Records provided:
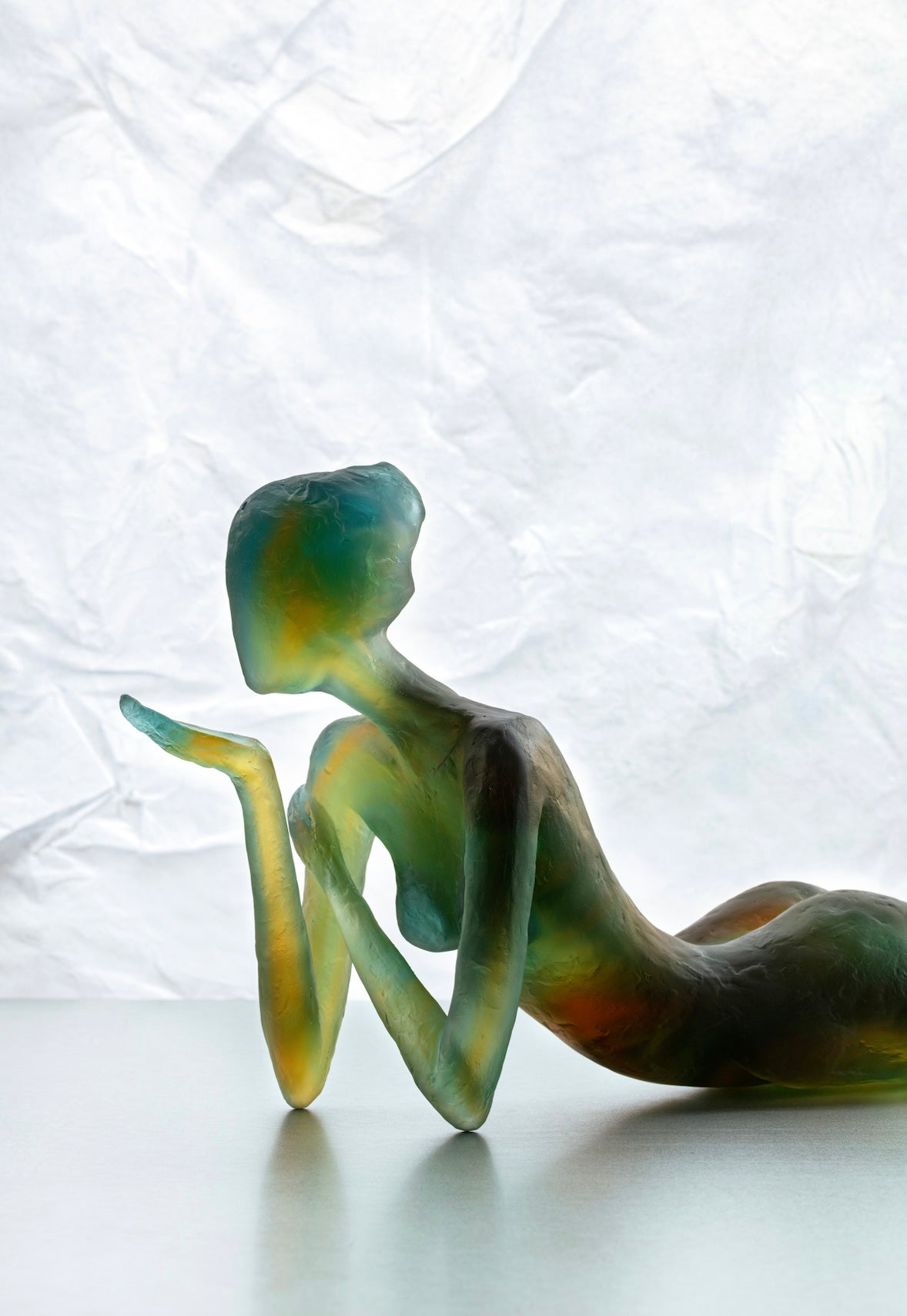 Artiste contemporaine s’inscrivant dans un courant figuratif sensible et intimiste, Sylvie Mangaud sublime l’émotion et le mouvement en capturant des instants d’une rare délicatesse. Ses créations se distinguent par la pureté des lignes, la délicatesse des postures et une sensibilité qui évoque la douceur et la liberté. Chaque sculpture révèle un instant suspendu, qu’il s’agisse d’une silhouette alanguie, d’une étreinte amoureuse ou d’une méditation silencieuse. La palette de couleurs nuancées de la pâte de cristal renforce la poésie de ces pièces, révélant la lumière et les ombres pour sublimer chaque courbe.
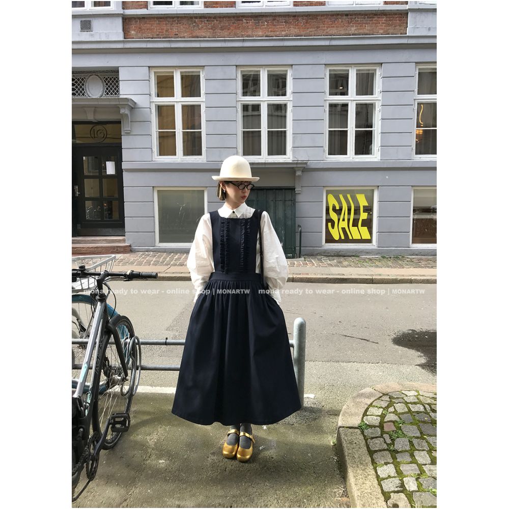 背带裙上半部分结合复合工艺,注入结构感,平顺不臃肿
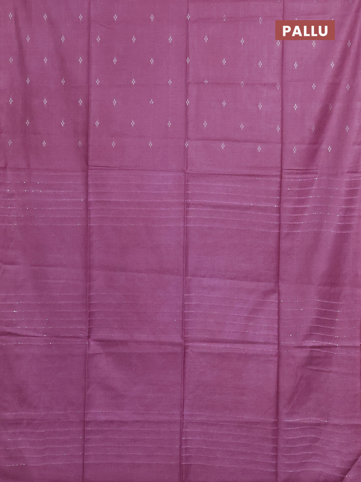 Semi bamboo saree pastel pink with silver zari woven buttas in borderless style
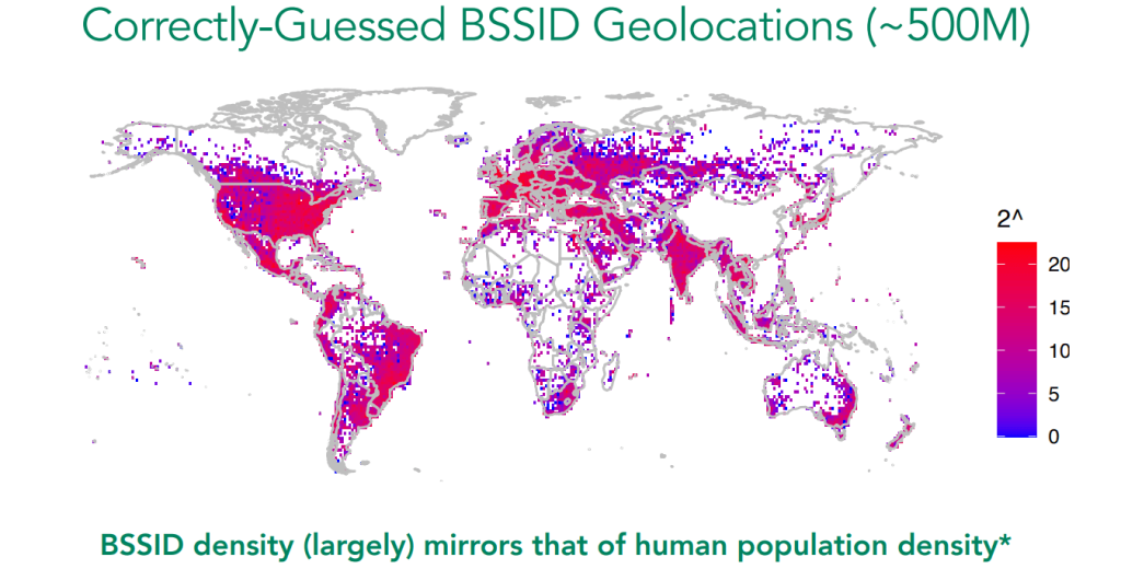 Durante un año de investigación, el equipo recopiló más de 2.000 millones de BSSIDs, construyendo un mapa extremadamente detallado de dispositivos y ubicaciones en todo el mundo. Además, la API devolvía datos de hasta 400 puntos de acceso cercanos por cada solicitud, lo que multiplicaba la capacidad de recolección.
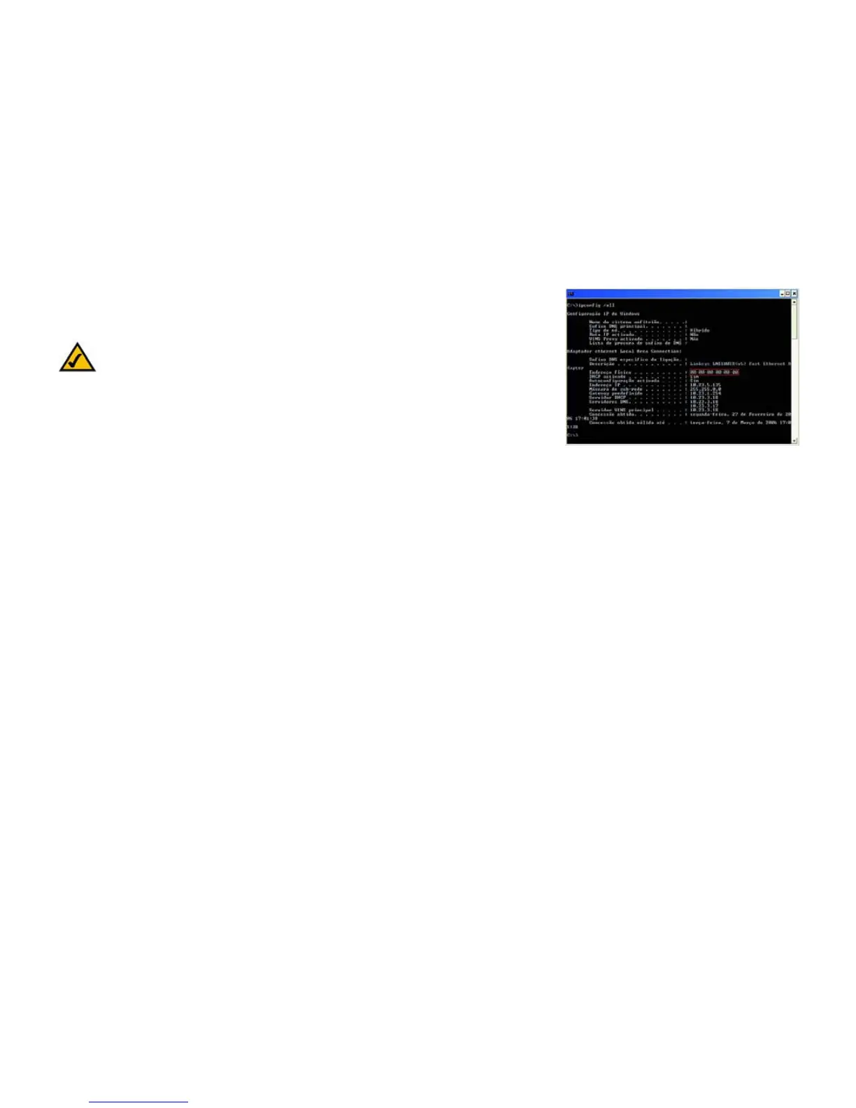 endereço MAC da placa Ethernet sob a forma 00-00-00-00-00-00. O seu computador mostrará algo diferente.

Required action:
Please transcribe every entry exactly as written, leaving the pictures out.

Answer to the exercise:
 Artiste contemporaine s’inscrivant dans un courant figuratif sensible et intimiste, Sylvie Mangaud sublime l’émotion et le mouvement en capturant des instants d’une rare délicatesse. Ses créations se distinguent par la pureté des lignes, la délicatesse des postures et une sensibilité qui évoque la douceur et la liberté. Chaque sculpture révèle un instant suspendu, qu’il s’agisse d’une silhouette alanguie, d’une étreinte amoureuse ou d’une méditation silencieuse. La palette de couleurs nuancées de la pâte de cristal renforce la poésie de ces pièces, révélant la lumière et les ombres pour sublimer chaque courbe.
 背带裙上半部分结合复合工艺,注入结构感,平顺不臃肿
 Semi bamboo saree pastel pink with silver zari woven buttas in borderless style
 Durante un año de investigación, el equipo recopiló más de 2.000 millones de BSSIDs, construyendo un mapa extremadamente detallado de dispositivos y ubicaciones en todo el mundo. Además, la API devolvía datos de hasta 400 puntos de acceso cercanos por cada solicitud, lo que multiplicaba la capacidad de recolección.
 endereço MAC da placa Ethernet sob a forma 00-00-00-00-00-00. O seu computador mostrará algo diferente.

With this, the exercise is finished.